Timeouts, Triggers & Toddler Tantrums

By Amalah

Dear Amalah,

You were a great help with my struggle to wean and now I’m back for more wisdom because HELP! My 2 1/2 year old is having issues with aggression and my husband and I are completely lost. Fortunately (I guess?) his beatings are always directed at us (mostly me) rather than other kids. His triggers are the typical stuff like transitions and being told he’s not allowed to do something unsafe. Giving him a timeout escalates the situation and we just don’t know what we should be doing to help him calm down and also enforce consequences.

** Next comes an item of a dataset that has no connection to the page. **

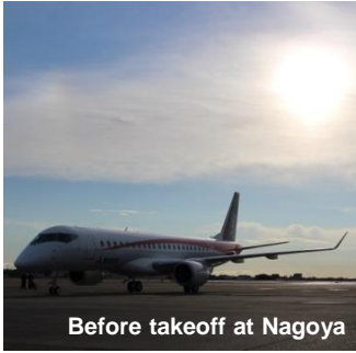
Before takeoff at Nagoya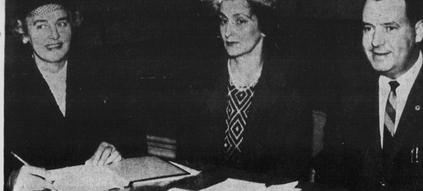
SOME MEMBERS of the eight-member committee formed to investigate clearing up of Charlottetown harbor pollution are seen at a public meeting in Spring Park School last evening. Among various topics under discussion was the harbor survey to be conducted this summer by city and provincial governments.

Here’s a typical scenario from this morning:
He’s having an amazing time playing with kids at the park. He starts to wander towards the road and I tell him to stop at the fence. He starts climbing under the fence and I approach and tell him “no, it’s not safe.” He starts hitting and kicking me and I tell him he needs a timeout for not listening and for hitting. I have to physically move him to a safe place for a time-out. I try to keep him in place and say it’s okay to be upset, but he cannot hit me (as he continues to kick and hit me). I show him how to take deep breaths and try counting to 20 but he’s basically in a mental state where he receives no input. I would be fine letting him ride out the tantrum but any time I let go of him, he runs back towards the road. I tell him if he hits me again, we’ll have to leave the park. He hits me and I carry him kicking and screaming back to the car as he tries to smack and pinch and strangle me the whole way. I give him the opportunity to walk beside me but he runs the other way. And of course the aggression continues as I force him into the car seat. I start the car and give him a few minutes to calm down. When he’s quiet, I open his door to explain why we are leaving the park and he tries to kick me in the head.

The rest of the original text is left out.